I think we were made of pizza in Morgantown. Always with the pizza. One summer, the Dominoes delivery guy was so familiar with us that he would stop at the drive-through store on his way to our house and pick up smokes or snuff or soda pop or really whatever you wanted him to get for you. Nice guy.

Some of the absolute worst pizza I ever ate was from a place called Plus One Pizza. Their gimmick was that if you bought one pizza, you would get another exactly like it for free. And then, if you ordered 20 pizzas or something like that, you'd get free pizzas! What a deal. The pie was crap, but pizza, like a very few other things in life, is great even when it's terrible.

The Plus One shop was maybe a half of a mile down the hill from one of the places we lived in Morgantown, a huge, drafty, dilapidated beast of a structure that housed five 19-20-year-old guys, quite a few raucous and enjoyable keg parties, and some other sordid events better left unwritten here. It was so cold in that house during the winter that you had stay upstairs.

Well, old Lumpy was a housemate at the time, and on a particularly cold and dreary Morgantown evening so snowy the delivery man was not delivering, I persuaded Lumpy to walk down that hill to Plus One to get our free pizzas that we had earned by eating so many terrible meals from them. A small victory, but a victory is a victory, nonetheless.

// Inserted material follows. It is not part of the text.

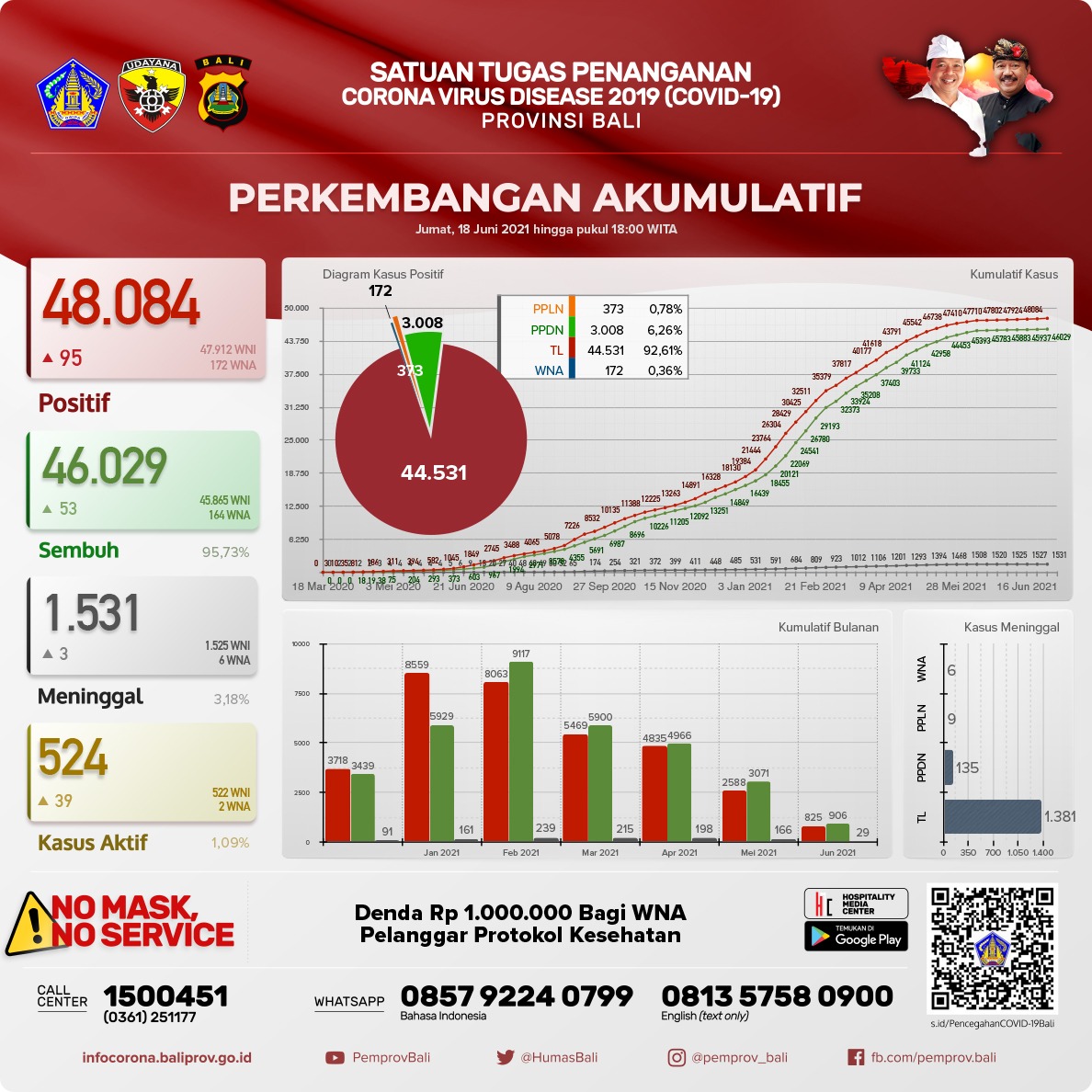 sembuh 46.029 orang (95,73%), dan meninggal dunia 1.531 orang (3,18%). Kasus aktif per hari ini menjadi 524 orang (1.09%).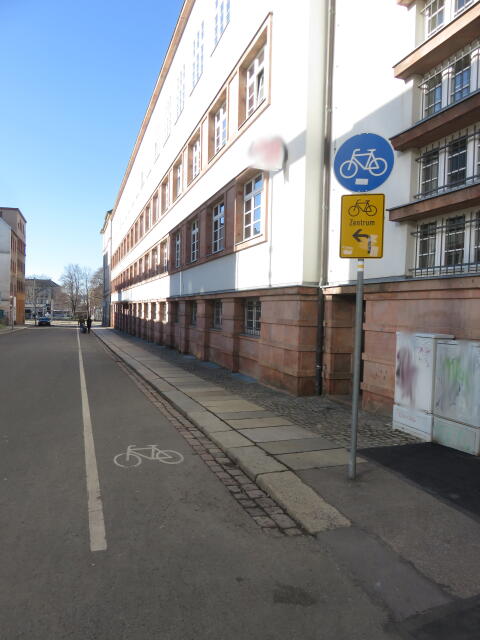 ♦ Das wäre dann die Alternativstrecke zur kaputtgebauten Bernsdorfer Straße (die mit den Schrägparkern), um zwischen den Uni-Teilen zu wechseln.

Of course, Colasante's was a great place for pizza. Their pans had seasoned over years and thousands of pizzas that made their thicker crusts quite crispy. One of the best perks about working there was free pizza. C$ worked there, and he would occasionally stop by the house after the shop closed with a pie and some beer, and we'd sit and have a hootenanny. Good times.

3 comments:

bart harper said...

That pizza looks so good... loving the blogs bro....awesome

J.S. Booterbaugh said...

Thanks, Bart!

kimberly said...

I agree with you on two points here.
One- Mario's is damn good pizza. I've yet to find me a NY style pizzeria in Richmond- you may have seen my rant about that on Facebook.
Two- WHY do so many places rush the pizza cooking process? Brown it a bit people... I will say though- I just go with "can I have my pizza well done- so the cheese is a bit browned?" I say it just this way each time, and it's never been burned...
Prior to this, I've been known to eat a slice at the restaurant to be polite, only to bring the rest home and finish cooking it myself. With a little ranch dressing on the side of course.